Transzendenz & Immanenz
Das akademische Jahr 2016-2017 im KHK war der Unterscheidung zwischen Tranzendenz und Immanenz gewidmet. Abgesehen vom westlich-europäischen Ursprung der Begriffe „Tranzendenz“ und „Immanenz“, gibt es gute Gründe anzunehmen, dass die Wechselbeziehung, die in der Tranzendenz-Immanenz-Unterscheidung zum Ausdruck kommt, als ein Leitprinzip des Religiösen gilt. Auch wenn die Unterscheidung zwischen „Gott/heiten“ und „der Welt“ als spezifische (protestantische) Lesart von Tranzendenz nicht notwendiger Weise und nicht immer Bestandteil jeglicher Religion ist, so spielen doch einige Formen der Tranzendenz-Immanenz-Unterscheidung und Tranzendierungsprozesse in jeden religiösen Tradition eine gewisse Rolle.
Dynamik einer Unterscheidung
Die Dynamik der Tranzendenz-Immanenz-Unterscheidung kann für die vergleichende Forschung operationalisiert werden, z. B. kann die Unterscheidung als tertium comparationis in die Religionswissenschaft übernommen werden. Dabei bietet sich ein Drei-Ebenen-Modell von Tranzendierungsprozessen an: Ausgegangen wird in diesem Modell von einer basalen Transzendenz, die in einfachen deistischen Aktionen wie dem zeigen auf (dabei Etablieren einer Wechselbeziehung zwischen dem Hier und Dort und der Welt) ihren Ausdruck findet. Die basale Tranzendenz (beeinflusst durch Kontakt) kann sich in eine formelle Tranzendenz entwickeln, in dem sie den selbstreflektiven Prozess des „Zurücktretens und des darüber Hinwegblickens ('stepping back and looking beyond', B. Schwartz) bezeichnet, z. B. in dem die Unterscheidung zwischen dem Hier, dem Dort und der Welt selbstreflektiv formalisiert wird (vielleicht um zwischen eigenen Reflektionsmöglichkeiten und Alltagsgebaren zu unterscheiden). Diese Unterscheidung kann dann weiterhin präzisiert werden als religiöse (spezifische) Transzendenz, wie z. B. in der allbekannten Unterscheidung in göttliche und weltliche Sphäre ihren Ausdruck findet. Zumindest die ersten beiden Typen, die basale und die formelle Tranzendenz, können in jeder religiösen Tradition identifiziert werden.

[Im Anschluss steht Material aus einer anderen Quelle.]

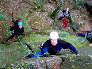 Přestože teplota se pohybovala pod bodem mrazu bylo dost odvážných, kteří vybalili lana a sápali se po vymraženeném buližníku.
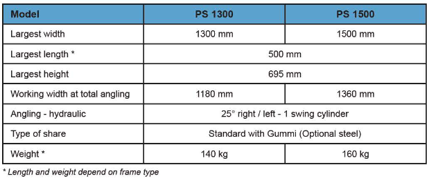Snow plough models are shown here in a range of sizes, which are suitable for your tractor or implement carrier up to 30 HP.
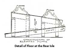 ung so as to open out. The store front is always removed and the room closed in with a partition placed about 14 feet back from the front. This gives the wide vestibule which is so necessary in an attractive place. The floor plan shows a good arrangement for an up-to-date moving picture house. Note that each aisle is marked by a small red light placed under glass in the floor. The piano pit is placed below the level of the floor to keep the player out of the line of vision. The sectional view gives a good idea of the raised floor, balcony and ticket office. It will be noticed that the three rows of seats at the rear are above the level of the main aisle.
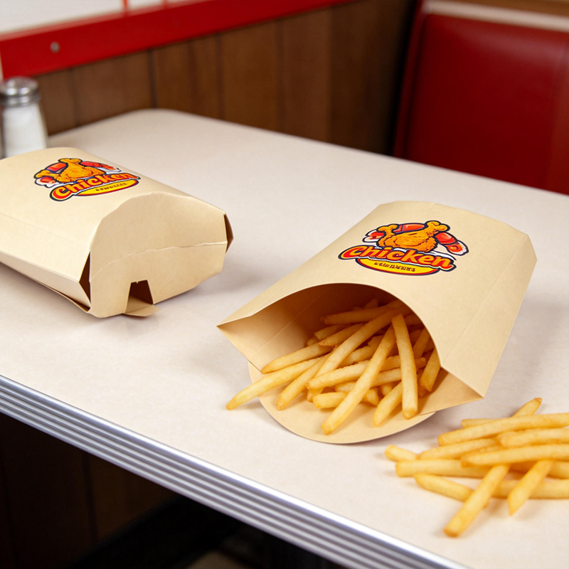 Envases de Papel Kraft para Comida Rápida, Impresos Personalizados, Desechables, a Bajo Precio, para Papas Fritas, con Cuchara, para Niños, Material Escolar
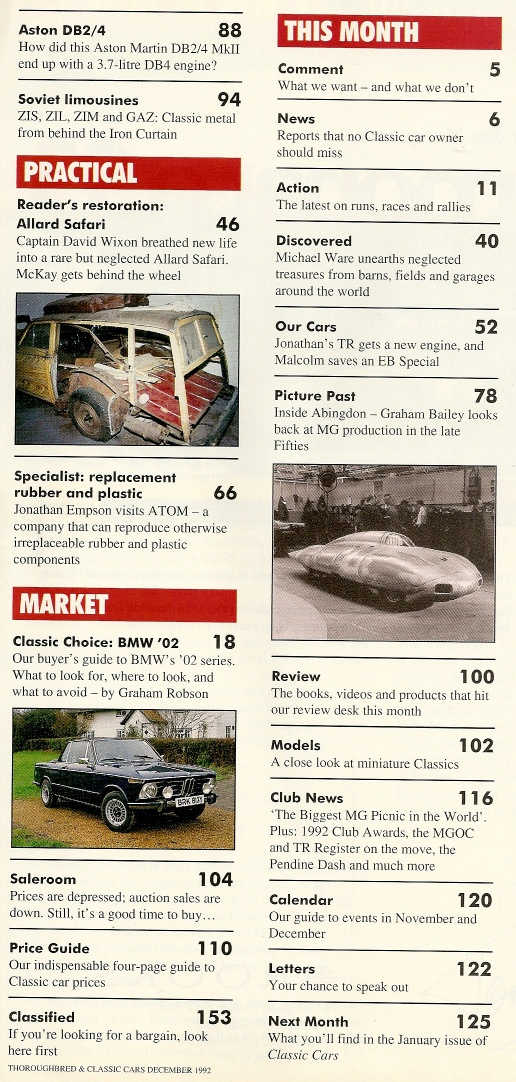 THOROUGHBRED & CLASSIC CARS 1992 DEC - 250GT, A40, BMWs
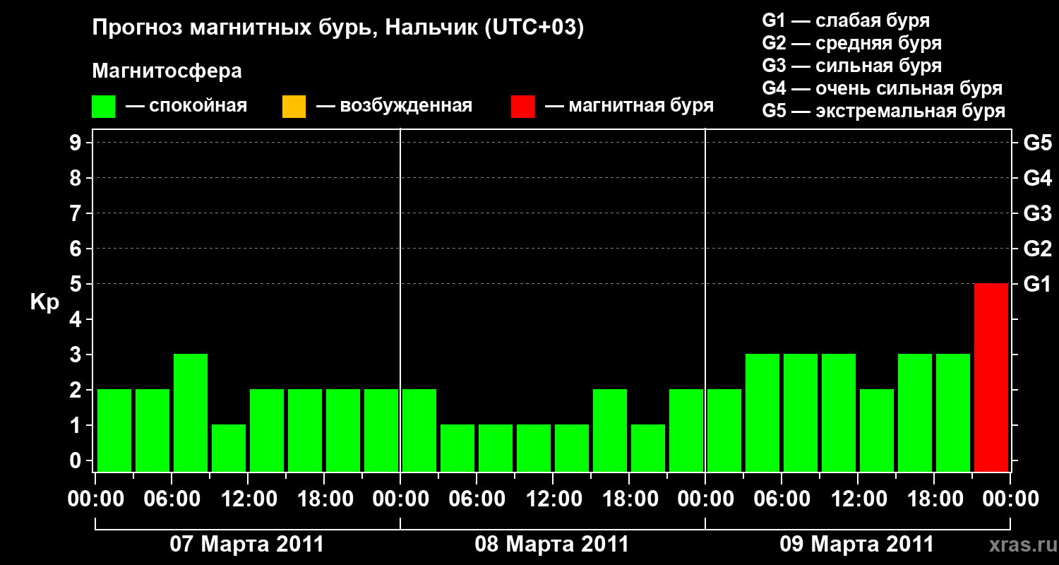 Прогноз магнитных бурь в Нальчике — 7 марта 2011 года
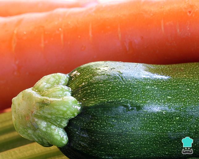 - Na panela: leve ao fogo uma panela com água e um pouco de sal e, quando ferver, adicione a cenoura. Cozinhe por 2 minutos, junte a abobrinha e cozinhe por mais 1 minuto.
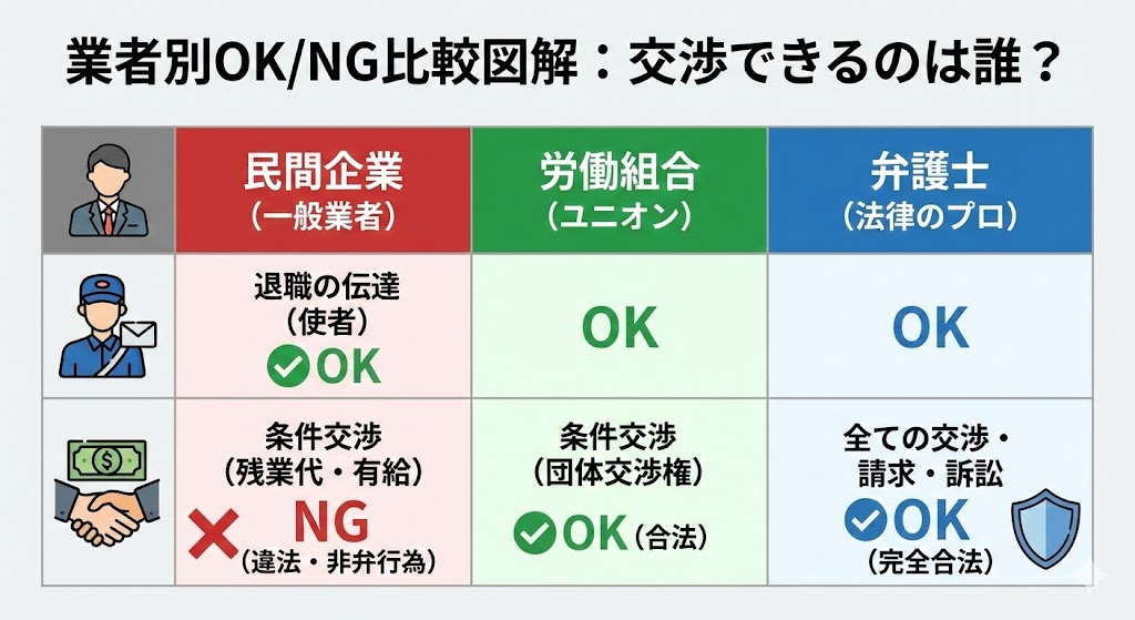 - 「労働組合」か「弁護士」を選べば、完全に合法で安全。
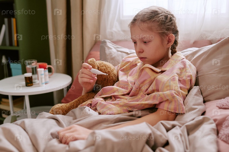 Девочка, лежащая в постели с термометром и наполненной игрушкой
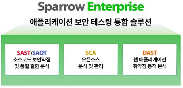 'Sparrow Enterprise'는 애플리케이션 보안 태세(ASPM)를 관리하는 애플리케이션 보안 테스팅 통합 솔루션이다. 소스코드·오픈소스·웹 취약점을 하나의 플랫폼에서 분석 및 통합 관리하고, 형상관리 시스템과 CI(Continuous Integration) 및 CD(Continuous Delivery) 도구 연동으로 분석을 자동화, 상태를 실시간으로 확인할 수 있다. 또 검출 규칙 관리, 담당자 배정, 결재 프로세스 설정 등 관리 기능을 통해 조직의 정책·프로세스에 자연스럽게 통합, 개발 단계부터 보안 리스크를 줄여가는 지속 가능한 애플리케이션 보안 체계를 구축할 수 있다.
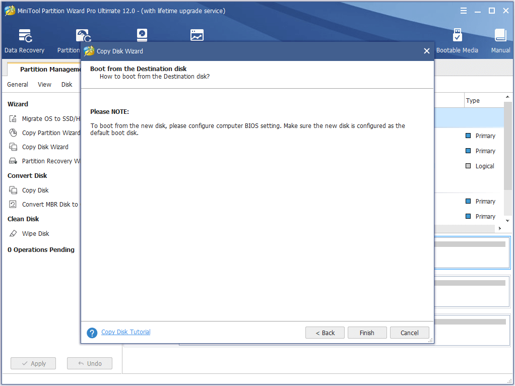 Step 4. Read the «how to boot from the new disk» information and click «Finish».
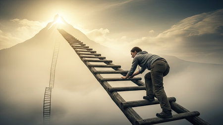 A person ascends a wooden ladder towards a mountain peak, bathed in ethereal light. The image features a cloudy sky and suggestive mountain setting. The composition uses a perspective view. The scene suggests concepts of achievement and progress, suitable for various editorial and commercial applications.
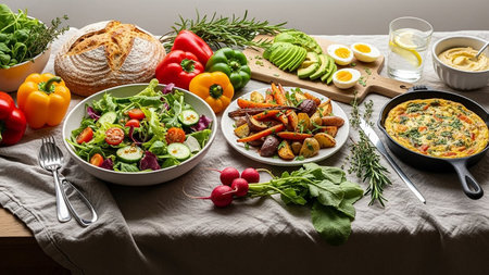 A bountiful table is laden with a fresh salad, roasted vegetables, a frittata, bread, and various other healthy food items.
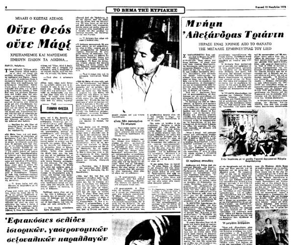 *Συνέντευξη που είχε παραχωρήσει ο Κώστας Αξελός στο δημοσιογράφο και συγγραφέα Γιάννη Φλέσσα το Νοέμβριο του 1978, στο Παρίσι. Είχε δημοσιευτεί στην εφημερίδα «Το Βήμα» την Κυριακή 12 Νοεμβρίου 1978 υπό τον τίτλο «Ούτε Θεός ούτε Μαρξ».
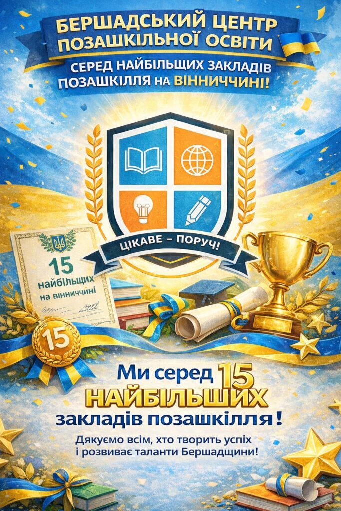 У місті Бершадь з’явився ще один вагомий привід для гордості: Бершадський центр позашкільної освіти офіційно увійшов до переліку 15 найкращих закладів Вінницької області. Відповідне рішення затвердило Міністерство освіти і науки України, оновивши список провідних позашкільних установ регіону.
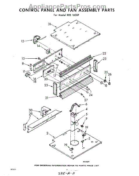Parts for Whirlpool REE1600P: 04 - Control Panel And Fan Assembly Parts
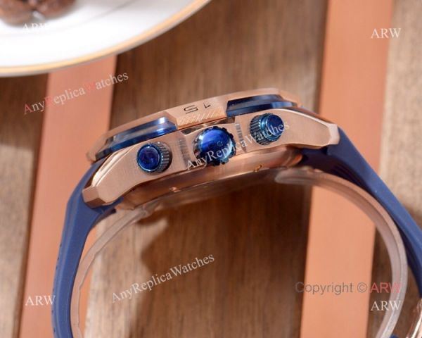 Rose Gold Watch case Blue Perpetual Calendar Blue Rubber Strap
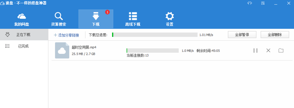 5、點(diǎn)擊工具欄第三個(gè)“下載”,資源正在以每秒1MB的速度下載中。
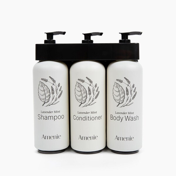 Amenie Lavender Mint Triple Dispenser, Eco-Friendly, Efficient Shower Storage With the Amenie Lavender Mint Triple Acquavera Dispenser, keeping your guest bathrooms organized has never been easier. Designed for high-traffic areas, this dispenser neatly stores your shampoo, conditioner, and body wash, offering a clutter-free and efficient solution for hotels, B&Bs, and vacation rentals. Infused with nourishing botanical extracts and calming lavender oils, it delivers a spa-like shower experience that leaves your guests refreshed and rejuvenated.
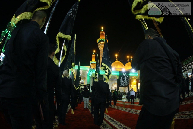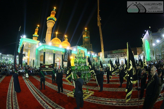 بعدها بدأت مراسم استبدال الرايتين الشريفتين وسط هتافات جموع المعزّين بـ (لبيك يا مسموم)، حيث كانت هناك مشاركة للخادم كرار الكاظمي بقراءة مجموعة من المراثي، واختتم المراسم الرادود الحسيني الحاج باسم الكربلائي بقراءة القصائد العزائية واسى بها النبي الأكرم وأهل بيته الأطهار "عليهم السلام" بهذا المصاب الجلّل.
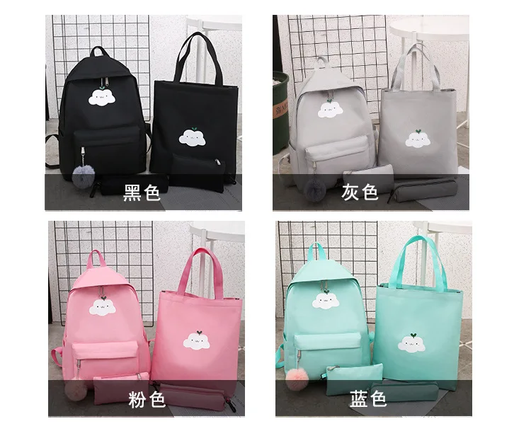 Женские школьные сумки 4 шт./компл. холст Облако водонепроницаемый рюкзак для подростка студенческие сумки милый рюкзак карманные дорожные сумки на плечо
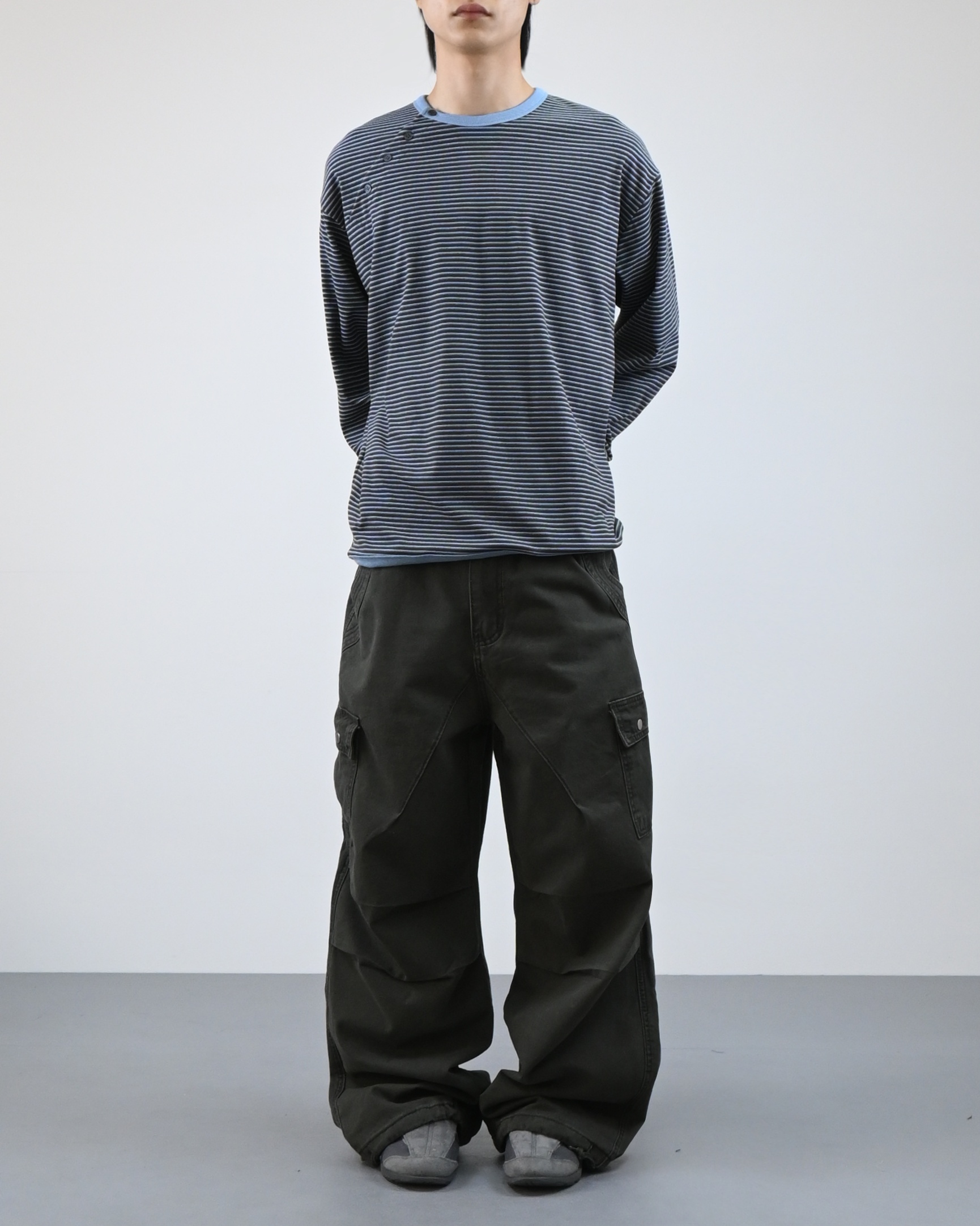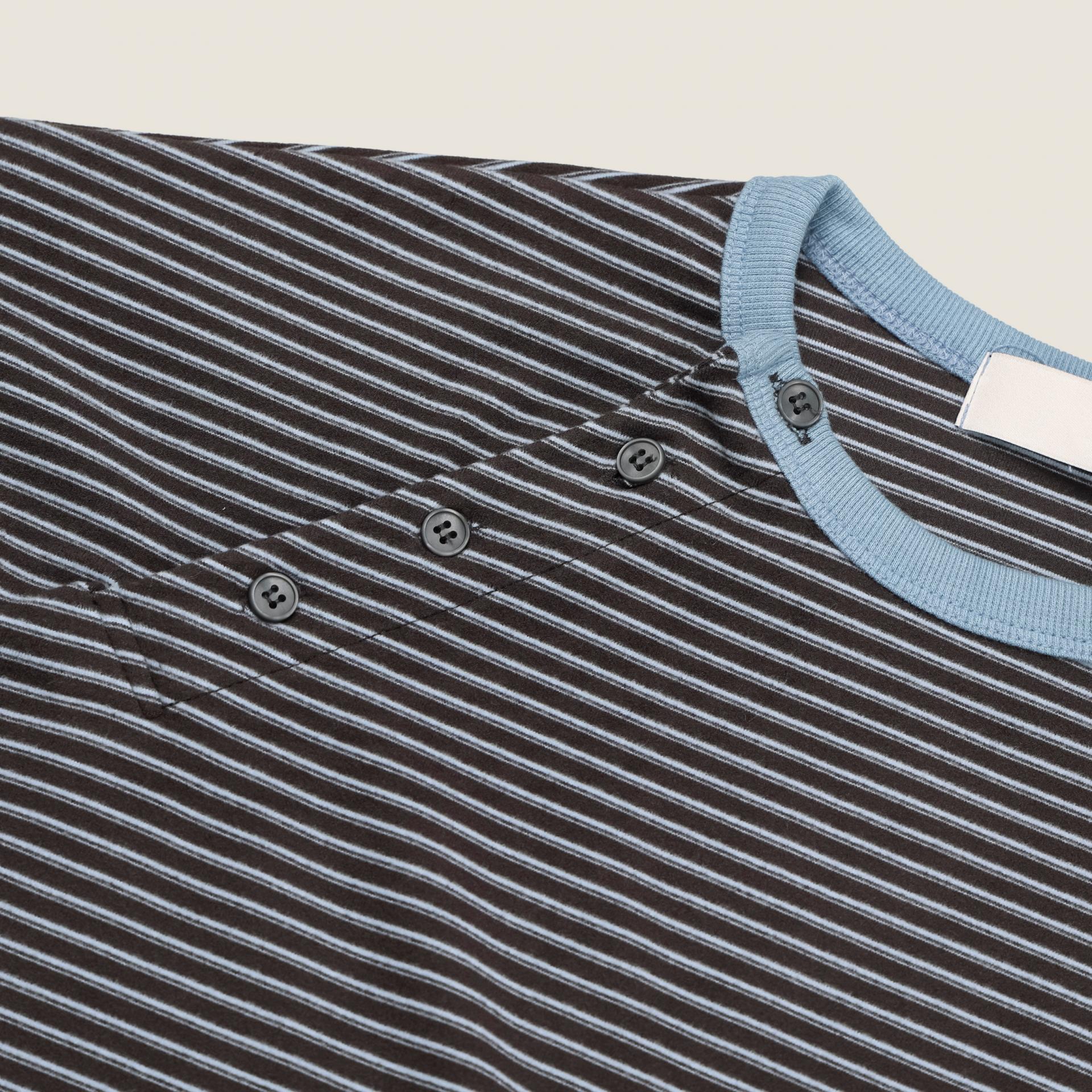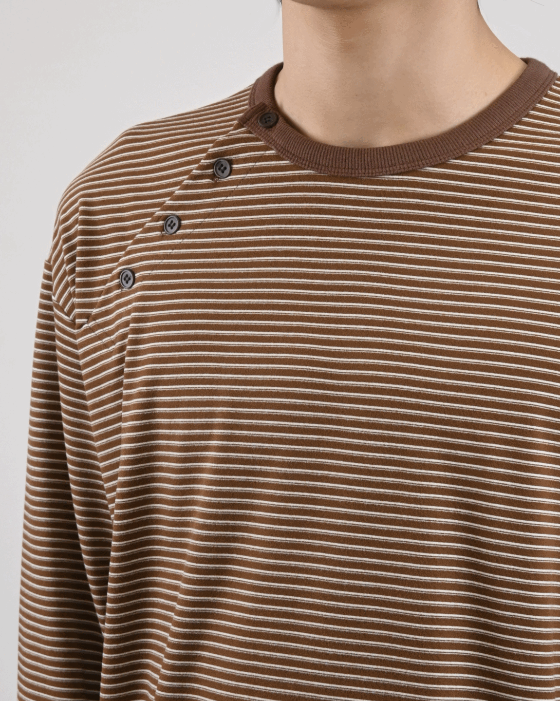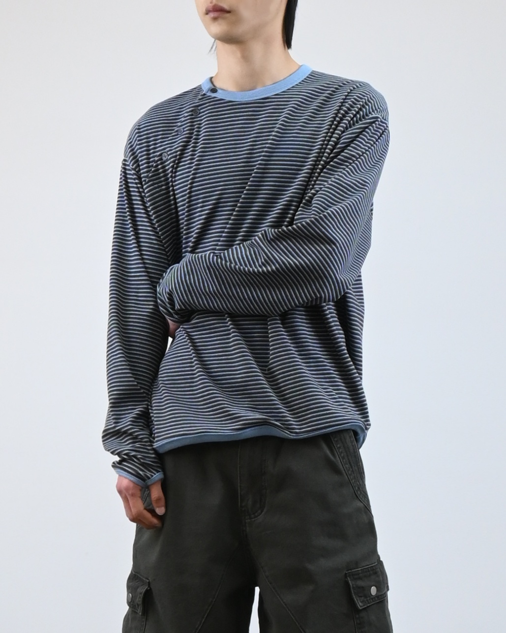 스트라이프 패턴에 스냅 디테일로 포인트를
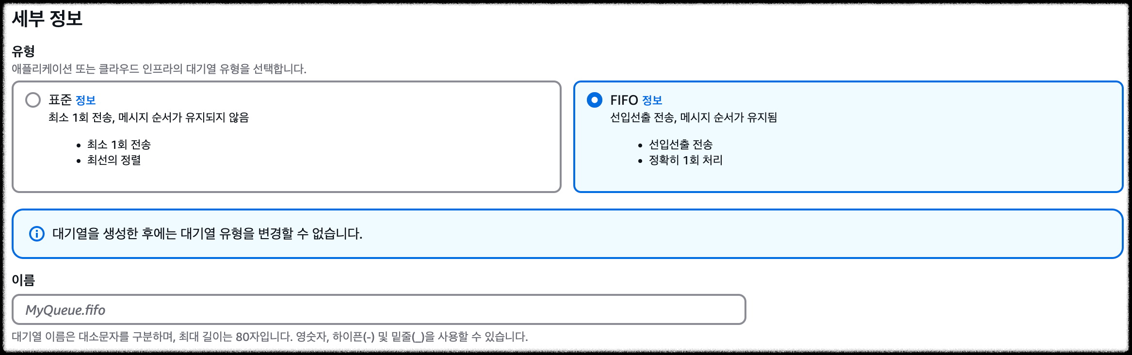 - 메시지를 무조건 1회 처리해야 하기 때문에 FIFO 선택
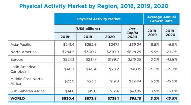 2018-2020,全球運(yùn)動(dòng)市場(chǎng)規(guī)模。按地區(qū)劃分,年增長(zhǎng)率均有所下滑。圖源:GWI官網(wǎng)
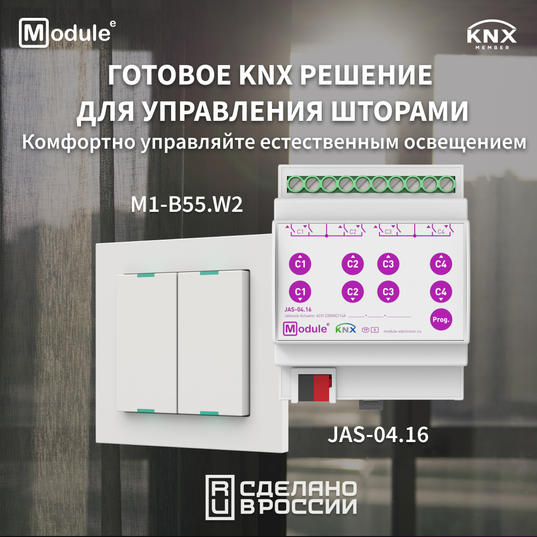 - В умном доме комфорт начинается с автоматизации света и климата — а продолжается управлением естественным освещением. Представляем универсальное решение на базе актуаторов серии JAS и выключателей серии M1.
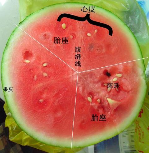 这是一个西瓜的横切,已经标注出了各部分的名称。西瓜的中心其实是三个心皮联合的地方,因此很少有维管束,也不会有种子,所以质地较为均一,咬起来很爽快。

Bei dem historischen Kontakt von einer religiösen mit einer anderen religiösen Tradition, drängt sich die Frage auf, wie sich die aufeinandertreffenden Typen der Tranzendenz-Immanenz-Unterscheidung semantisch formen. Genauer gesagt produzieren solche interreligiösen Begegnungen einen semantischen Raum der „kontroversen Gemeinsamkeiten“, in dem die Tranzendenz-Immanenz-Unterscheidung von den Akteuren präzisiert wird. Situationen des Religionskontakts können einen Anreiz für die Anhänger eine spezifische Religion bieten, sich stärker dem Konzept der spezifischen Tranzendenz (z. B. im Einführen eines „wirklichen“ Gottes gegenüber weltlich paganen „Dämonen“) zu öffnen und dieses zu übernehmen. Vielleicht werden die Prozesse während des Kontaktes zwischen Vertreter/innen verschiedener Religionen selbst in Bezug auf die Tranzendenz-Immanenz-Unterscheidung beschrieben.